# Fish ID



## RockB (Oct 11, 2007)

Haven't done any freshwater fishing in probably 30 years.

I now have a small (~.1 Acre) pond on my property. I didn't think there was anything in it but put a little aluminum boat in it today for the boys to play around with. There was a large ant crawling on the rail and I flicked him in the water. He lasted about .5 second before the water broke under him and he was gone. I rigged up a small hook and dug up a worm. Two casts and caught two of these.

What is it and will they get any bigger?


----------



## Jason (Oct 2, 2007)

Bream or tater chip.....yes they will get bigger. Or if you ever fished w/ my deceased daddy-n-law, he'd make you keep it and fry it whole (tater chip)


----------



## stevenattsu (Apr 24, 2009)

Pompano


----------



## countryjwh (Nov 20, 2007)

How small of hook was you using. Wow.


----------



## CatHunter (Dec 31, 2008)

Sandpole


----------



## yukondog (Feb 12, 2013)

Catfish bait / bream.


----------



## Try'n Hard (Oct 23, 2008)

I say there's bigger ones there. Pretty sure that's a bluegill. I've eat some awfully little ones and no disrespect to Jason's paw in law, but that ones gotta go back


----------



## Jason (Oct 2, 2007)

Try'n Hard said:


> I say there's bigger ones there. Pretty sure that's a bluegill. I've eat some awfully little ones and no disrespect to Jason's paw in law, but that ones gotta go back


Hey, believe me---I use to laugh cause I'd catch one that small and sneak him back into the water. Sometimes I'd get caught sometimes not. He never got mad just said what ya doing??? hahaha We always had a good time though! Too bad he ain't around to fish anymore


----------



## kanaka (Oct 3, 2007)

Try this after smashing the barb down, should be a blast. Careful, you'll go blind tying it!


----------



## Jaw Jacker (Jul 29, 2009)

That's a Shellcracker


----------



## Micropterous (May 28, 2014)

Very small (obviously) coppernose bluegill. Coppernose are a strain of regular bluegill (like northern largemoth bass versus Florida largemouth bass). From the looks of it, it is very stunted. Likely there are no bass in the pond to speak of. If you want to grow some bigger bluegill, stock about 15, 8-11" in largemouth bass and set up a fish feeder.

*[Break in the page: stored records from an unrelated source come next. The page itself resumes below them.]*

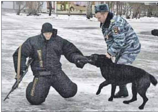
Служебные собаки хорошо знают своё дело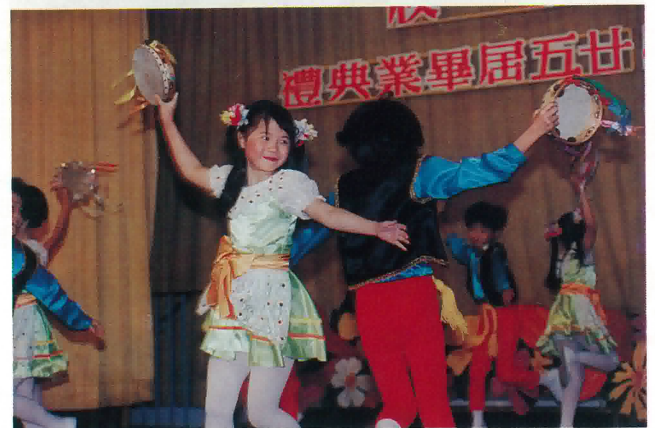
學校舞蹈組表演娛賓。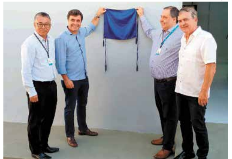
A nova subestação integra um plano de modernização da rede

Com capacidade inicial de 40 MVA (Megavolt-Ampère) e possibilidade de ampliação para 80 MVA, a subestação permite redistribuição estratégica das cargas e maior flexibilidade operacional do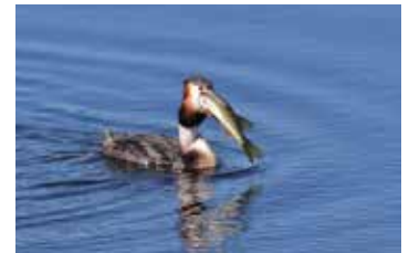
Skäggdopping med gädda.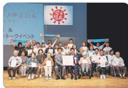
第8期表彰式の様子

Coppernose are very aggressive surface feeders. Give the bass a few months the thin the number of bluegill, and the ones that remain to eat some food you should see an increase in size.

Micropterous


Pond


----------



## Jaw Jacker (Jul 29, 2009)

I've never seen a Copper Nose with red eyes.


----------



## Micropterous (May 28, 2014)

JJ,

Its not unusual. I stock thousands of Coppernose every year. Its seems as though the really "pure" strain is more prone to red eyes. Its hard to find pure CPNBG because so many hatcheries have crossed them with "native" bluegill because the natives are easier to get.

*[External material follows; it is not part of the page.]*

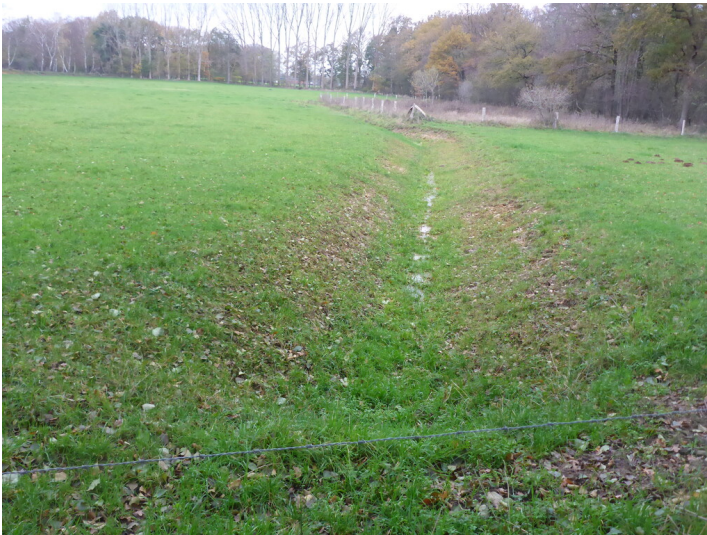
Vernässte Stelle neben Quellbereich (2020)

What gives it away is the red on the tail. Redear don't have the red on the tail and the slight vertical bars on the flanks.

Micropterous


----------



## jcoss15 (Oct 11, 2010)

whatever it is, its a sure nuff wall hanger...


----------



## RockB (Oct 11, 2007)

Micropterous said:


> Very small (obviously) coppernose bluegill. Coppernose are a strain of regular bluegill (like northern largemoth bass versus Florida largemouth bass). From the looks of it, it is very stunted. Likely there are no bass in the pond to speak of. If you want to grow some bigger bluegill, stock about 15, 8-11" in largemouth bass and set up a fish feeder.
> 
> Coppernose are very aggressive surface feeders. Give the bass a few months the thin the number of bluegill, and the ones that remain to eat some food you should see an increase in size.
> 
> ...


What does it cost to get about 15 large mouth bass to put in there?


----------



## Yakavelli (Mar 17, 2010)

flcaptainbill said:


> What does it cost to get about 15 large mouth bass to put in there?

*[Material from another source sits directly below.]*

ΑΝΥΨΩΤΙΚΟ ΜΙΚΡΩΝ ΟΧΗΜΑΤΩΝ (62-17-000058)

About $3 if ya do it right...😉


----------



## Micropterous (May 28, 2014)

Shouldn't cost much more than your time. Either right now or this Fall go catch them and relocate them. It should not be hard to find a bass-crowded pond. Most pond in the SE are functioning at some level of predator-crowdedness. Just do it when water temps are down. 

If were to buy them -- $7-$10 each plus a delivery fee. 

Micropterous


----------



## RockB (Oct 11, 2007)

My youngest caught this one today.


----------



## Try'n Hard (Oct 23, 2008)

Told you there were bigger ones there.... But I ain't sure what that is??? I guess it's a bluegill but something looks odd. Maybe I just haven't caught a bull like that in a while!!


----------